Neoadjuvant therapy is treatment given to shrink or eliminate a tumor before surgery. In some patients with breast cancer, neoadjuvant therapy effectively eliminates the tumor, and no invasive cancer is detectable in breast tissue and lymph nodes removed during surgery. These patients are said to have had a pathologic complete response.
In 2014, the results of NeoALTTO's "sister" trial, Adjuvant Lapatinib and/or Trastuzumab Treatment Optimization (ALTTO), which is testing the effectiveness of dual treatment with trastuzumab and lapatinib after breast cancer surgery, will also become available, according to Piccart-Gebhart. "If the results of both studies are in line with each other, and depending on the strength of the results, we could witness a new standard of care for managing primary HER2-positive breast cancer," she said.
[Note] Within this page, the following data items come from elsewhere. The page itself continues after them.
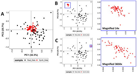 p < 0.05). Some algorithms are also seen to affect the normality of sample distributions, creating distortion that is reflected in increased sample skewness. Nevertheless, these distortions are still unable to modify the general magnitude of similarities between synthetic and real data.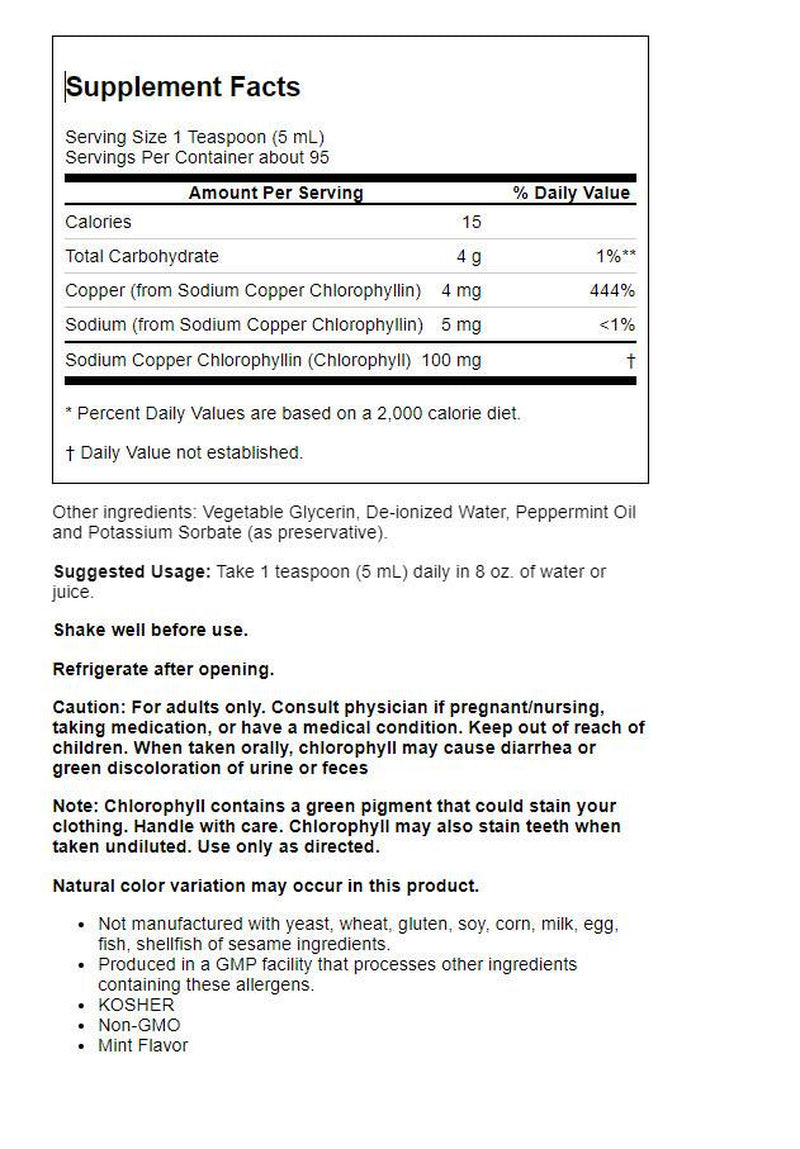 Chlorophyll is a green pigment naturally produced by plants and algae and gives them their characteristic green color. Chlorophyll is critical for photosynthesis, the process by which sunlight is converted into chemical energy. Chlorophyll can function as a free radical neutralizer, may help to support the body's detoxification processes and has been traditionally used as an internal deodorizer.* This water-soluble extract is in the form of sodium copper chlorophyllin. Natural color variation may occur in this product.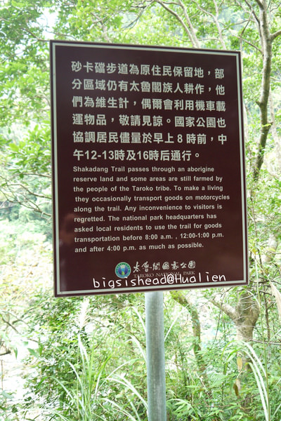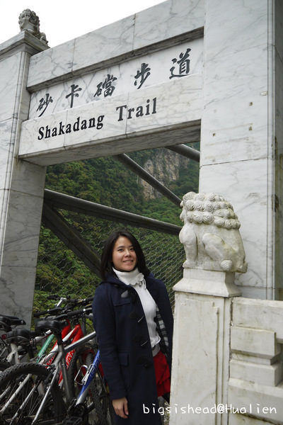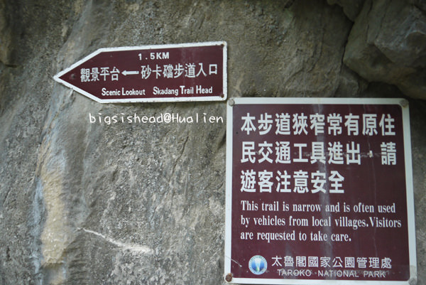 第五站–砂卡礑步道(舊名:神秘谷步道,民國90年改回泰雅族的慣稱:sgadan,意謂:臼齒。),一出砂卡礑隧道右邊就看到了!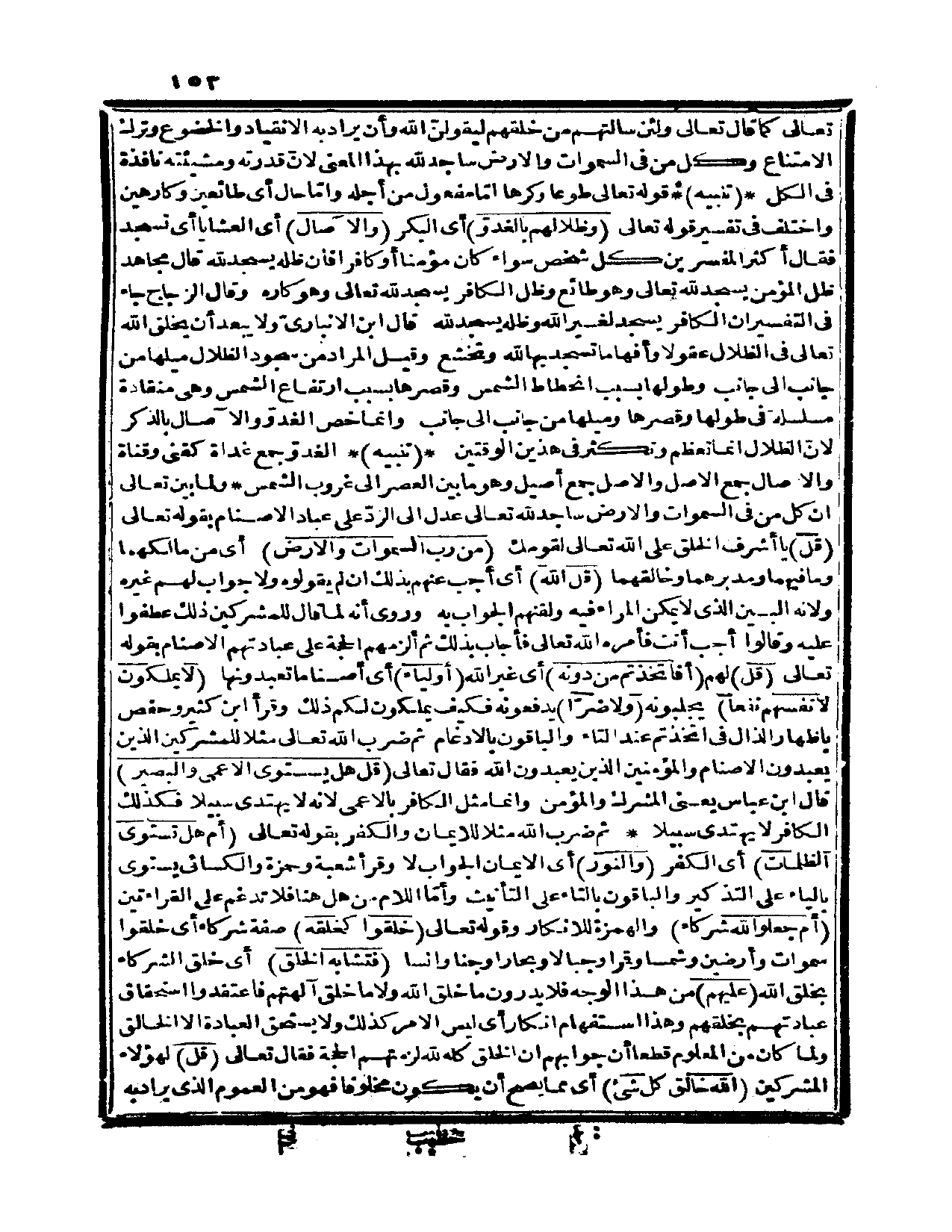 تعالى كما قال تعالى: {ولئن سألتهم من خلقهم ليقولنّ الله} (الزخرف، 87) وأن يراد به الانقياد والخضوع وترك الامتناع، وكل من في السموات والأرض ساجد لله بهذا المعنى؛ لأنّ قدرته ومشيئته نافذة في الكل.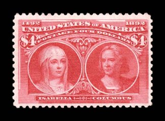 1180 nh 244 image#244, $4.00 Columbian, a most remarkable mint single, possessing a fabulous overall freshness that is seldom encountered on this value, with gorgeous vibrant color and a deeply etched impression on pristine paper, quite well centered within large margins, unblemished o.g., never hinged, a very fine and exceedingly choice never hinged example of the Four Dollar Columbian; all of the dollar value Columbians have always been terribly elusive to find in a true "post office" state of preservation - namely never hinged, the example offered here is not only boasts this feature but also is the beneficiary of great color, impression and centering; 2000 PF certificate. (Image) $8,000.00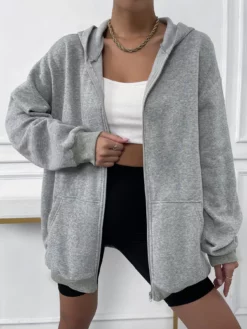 COZZY – Sweat-shirt à capuche thermique unicolore zippé Gris pâle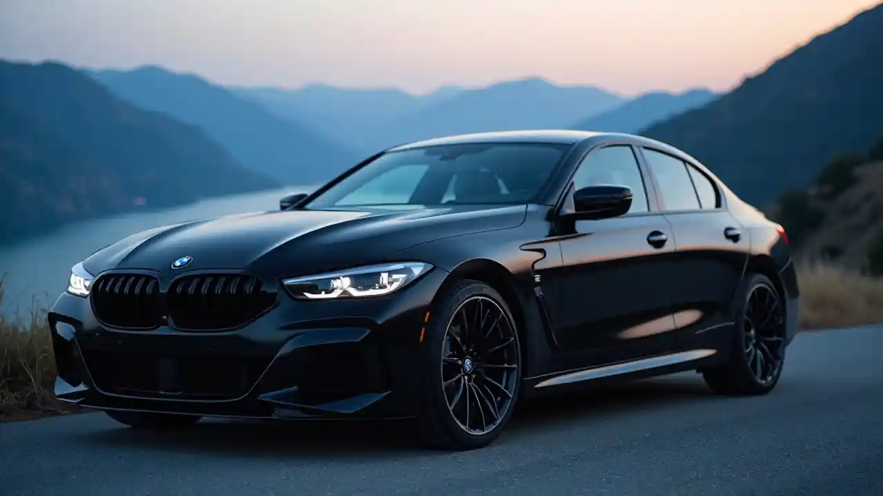 Un hermoso BMW Sedán negro parado en la carretera de montaña, muy detallado por la noche, Car Bonnet Stripes Graphics Hood, mar azul en el fondo del automóvil, automóvil muy detallado, faros muy detallados y DRL blancos, color de acabado mate muy detallado, llantas de aleación muy detalladas, ultra realista, fotorrealista, 32k.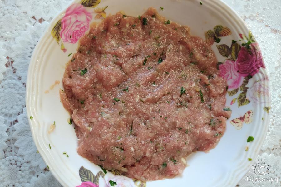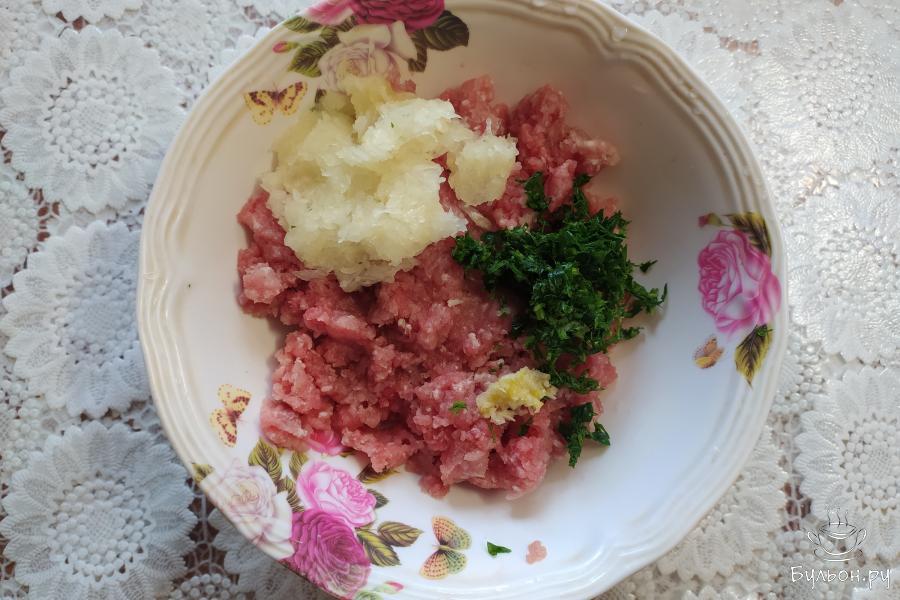 1. Репчатый лук и зубчики чеснока почистить. Лук измельчить на крупной терке, чеснок на мелкой. Укроп и петрушку мелко нарезать. Добавить все к мясному фаршу.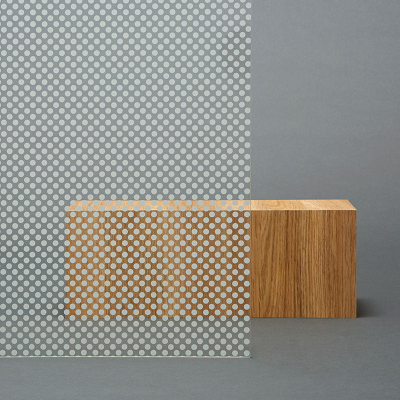 色の濃さや、柄の大きさにバリエーションがあり、ガラスにユニークな演出を与えます。

From January 2008 to May 2010, Piccart-Gebhart and colleagues enrolled in the NeoALTTO study 455 patients with HER2-positive primary breast cancer with tumors greater than 2 cm in diameter. Of those patients, 154 were randomly assigned to lapatinib, 149 to trastuzumab, and 152 to the combination. These HER2-targeted therapies were given alone for six weeks and then the chemotherapy paclitaxel was also administered for a further 12 weeks, at which point surgery was conducted. After surgery, patients received adjuvant chemotherapy followed by the same HER2-targeted therapy as in the neoadjuvant phase to complete 52 weeks. Follow-up is planned for 10 years after the last patient was randomized.
The researchers have previously reported that 51.3 percent of patients randomly assigned to neoadjuvant trastuzumab plus lapatinib had a pathologic complete response compared with 29.5 percent and 24.7 percent of patients randomly assigned to neoadjuvant trastuzumab and neoadjuvant lapatinib, respectively.